De benadeelde partij [slachtoffer] heeft een vordering tot schadevergoeding van € 15.000,00 ingediend tegen de verdachte wegens materiële en immateriële schade die hij als gevolg van het ten laste gelegde feit zou hebben geleden. De rechtbank oordeelt over deze vordering als volgt.
Artikel 361, tweede lid, onder a. van het Wetboek van Strafvordering bepaalt dat de benadeelde partij alleen ontvankelijk is in zijn vordering indien de verdachte enige straf of maatregel wordt opgelegd, dan wel in geval van toepassing van artikel 9a van het Wetboek van Strafrecht, de zogenaamde schuldig verklaring zonder straf.
Omdat ontslag van alle rechtsvervolging zal volgen is aan de voorwaarde voor ontvankelijkheid niet voldaan. Daarom zal de rechtbank bepalen dat de benadeelde partij niet ontvankelijk is in de vordering.

7.Beslissing

De rechtbank:
Verklaart niet bewezen wat aan de verdachte primair is ten laste gelegd en spreekt hem daarvan vrij.
Verklaart bewezen dat de verdachte het subsidiair ten laste gelegde feit heeft begaan zoals hiervoor onder 4.4 weergegeven.
Verklaart niet bewezen wat aan de verdachte subsidiair meer of anders is ten laste gelegd dan hierboven als bewezen is aangenomen en spreekt hem daarvan vrij.
Stelt vast dat het bewezen verklaarde geen strafbaar feit oplevert en ontslaat de verdachte daarvoor van alle rechtsvervolging.

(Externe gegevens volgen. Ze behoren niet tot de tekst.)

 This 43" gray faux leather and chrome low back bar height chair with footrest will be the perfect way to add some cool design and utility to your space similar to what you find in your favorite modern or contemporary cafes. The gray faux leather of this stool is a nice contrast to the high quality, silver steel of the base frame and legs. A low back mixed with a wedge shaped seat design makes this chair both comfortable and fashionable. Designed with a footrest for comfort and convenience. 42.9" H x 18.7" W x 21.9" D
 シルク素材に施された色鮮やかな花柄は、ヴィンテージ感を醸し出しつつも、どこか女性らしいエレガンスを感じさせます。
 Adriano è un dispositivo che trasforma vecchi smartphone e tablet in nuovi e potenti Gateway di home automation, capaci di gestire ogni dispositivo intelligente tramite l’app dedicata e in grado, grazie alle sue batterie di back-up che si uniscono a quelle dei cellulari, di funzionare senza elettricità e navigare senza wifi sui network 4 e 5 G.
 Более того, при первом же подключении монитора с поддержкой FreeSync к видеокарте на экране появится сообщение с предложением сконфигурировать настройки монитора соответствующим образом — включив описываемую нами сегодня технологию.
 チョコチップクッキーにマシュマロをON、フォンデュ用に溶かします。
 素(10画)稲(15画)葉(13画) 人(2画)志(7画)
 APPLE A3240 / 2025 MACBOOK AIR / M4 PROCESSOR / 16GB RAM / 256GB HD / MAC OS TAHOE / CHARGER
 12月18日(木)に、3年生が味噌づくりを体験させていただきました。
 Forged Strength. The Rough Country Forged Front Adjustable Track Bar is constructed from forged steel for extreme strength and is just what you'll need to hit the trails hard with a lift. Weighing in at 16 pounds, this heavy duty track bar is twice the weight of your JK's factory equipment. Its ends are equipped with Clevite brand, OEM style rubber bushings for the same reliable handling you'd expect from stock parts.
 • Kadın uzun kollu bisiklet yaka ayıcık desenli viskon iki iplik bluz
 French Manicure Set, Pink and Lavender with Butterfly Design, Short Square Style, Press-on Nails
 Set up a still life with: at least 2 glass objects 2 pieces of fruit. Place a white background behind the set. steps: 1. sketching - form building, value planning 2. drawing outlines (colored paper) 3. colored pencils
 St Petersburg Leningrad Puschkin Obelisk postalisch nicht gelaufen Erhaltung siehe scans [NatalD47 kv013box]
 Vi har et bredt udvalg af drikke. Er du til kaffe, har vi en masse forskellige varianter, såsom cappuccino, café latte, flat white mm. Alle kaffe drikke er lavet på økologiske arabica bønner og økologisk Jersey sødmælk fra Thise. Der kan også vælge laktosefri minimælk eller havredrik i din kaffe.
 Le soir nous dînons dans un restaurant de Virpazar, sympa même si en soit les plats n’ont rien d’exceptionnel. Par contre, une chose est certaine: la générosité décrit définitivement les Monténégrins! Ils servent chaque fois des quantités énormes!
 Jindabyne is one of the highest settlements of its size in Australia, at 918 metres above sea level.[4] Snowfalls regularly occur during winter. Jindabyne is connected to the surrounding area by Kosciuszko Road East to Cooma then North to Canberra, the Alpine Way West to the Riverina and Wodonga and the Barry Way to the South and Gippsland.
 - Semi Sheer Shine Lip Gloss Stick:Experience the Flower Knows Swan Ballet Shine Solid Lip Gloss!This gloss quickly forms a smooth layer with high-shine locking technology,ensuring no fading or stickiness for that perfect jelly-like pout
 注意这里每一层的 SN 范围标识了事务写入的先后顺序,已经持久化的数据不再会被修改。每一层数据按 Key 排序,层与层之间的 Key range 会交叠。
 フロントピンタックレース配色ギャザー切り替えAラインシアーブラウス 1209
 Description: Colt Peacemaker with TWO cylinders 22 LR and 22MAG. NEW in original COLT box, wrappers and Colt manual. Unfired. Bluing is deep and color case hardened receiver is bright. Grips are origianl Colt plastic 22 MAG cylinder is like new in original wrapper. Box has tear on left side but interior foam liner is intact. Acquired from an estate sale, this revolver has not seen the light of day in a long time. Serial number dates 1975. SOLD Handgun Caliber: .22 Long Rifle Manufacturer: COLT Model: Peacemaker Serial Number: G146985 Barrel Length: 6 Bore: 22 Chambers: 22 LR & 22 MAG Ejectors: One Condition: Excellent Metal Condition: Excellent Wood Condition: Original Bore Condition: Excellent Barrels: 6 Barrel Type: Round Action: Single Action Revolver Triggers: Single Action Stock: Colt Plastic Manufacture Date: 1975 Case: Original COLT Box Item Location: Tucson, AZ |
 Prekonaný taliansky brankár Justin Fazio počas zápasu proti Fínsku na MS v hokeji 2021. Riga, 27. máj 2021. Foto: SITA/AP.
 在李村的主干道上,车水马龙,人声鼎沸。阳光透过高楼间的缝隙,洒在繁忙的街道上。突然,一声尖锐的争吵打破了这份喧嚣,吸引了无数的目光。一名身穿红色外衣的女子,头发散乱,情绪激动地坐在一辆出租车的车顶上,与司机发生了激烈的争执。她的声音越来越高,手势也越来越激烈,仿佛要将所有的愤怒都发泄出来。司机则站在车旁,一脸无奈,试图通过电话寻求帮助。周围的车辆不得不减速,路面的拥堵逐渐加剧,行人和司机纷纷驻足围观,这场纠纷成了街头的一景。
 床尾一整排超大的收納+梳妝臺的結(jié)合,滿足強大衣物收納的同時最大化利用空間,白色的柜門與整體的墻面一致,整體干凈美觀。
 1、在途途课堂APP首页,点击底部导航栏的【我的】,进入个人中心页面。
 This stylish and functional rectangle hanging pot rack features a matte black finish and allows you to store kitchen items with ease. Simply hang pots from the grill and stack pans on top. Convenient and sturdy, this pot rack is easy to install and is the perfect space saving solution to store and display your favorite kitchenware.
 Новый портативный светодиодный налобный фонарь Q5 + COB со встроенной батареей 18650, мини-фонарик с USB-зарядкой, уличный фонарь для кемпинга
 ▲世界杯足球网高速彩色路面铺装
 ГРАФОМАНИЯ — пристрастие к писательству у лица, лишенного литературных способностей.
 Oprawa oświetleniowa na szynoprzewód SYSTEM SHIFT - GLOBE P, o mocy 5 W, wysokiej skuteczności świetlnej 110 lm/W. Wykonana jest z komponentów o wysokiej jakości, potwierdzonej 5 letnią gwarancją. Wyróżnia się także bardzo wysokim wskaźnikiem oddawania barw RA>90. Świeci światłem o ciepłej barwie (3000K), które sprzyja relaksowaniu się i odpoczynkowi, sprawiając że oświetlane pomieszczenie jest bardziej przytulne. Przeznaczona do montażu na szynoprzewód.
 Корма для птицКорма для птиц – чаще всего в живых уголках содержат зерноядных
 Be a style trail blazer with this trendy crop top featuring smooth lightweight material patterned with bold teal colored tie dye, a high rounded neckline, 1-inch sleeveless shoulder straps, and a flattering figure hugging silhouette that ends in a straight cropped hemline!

Verklaart de benadeelde partij [slachtoffer] niet-ontvankelijk in de vordering.
Heft op het reeds geschorste bevel tot voorlopige hechtenis van de verdachte.
Samenstelling rechtbank en uitspraakdatum
Dit vonnis is gewezen door
mr. M.E. Francke, voorzitter,
mr. P.E. van der Veen en mr. D.H. Bakker, rechters,
in tegenwoordigheid van de griffier mr. M. van Splunter,
en uitgesproken op de openbare terechtzitting van 22 maart 2024.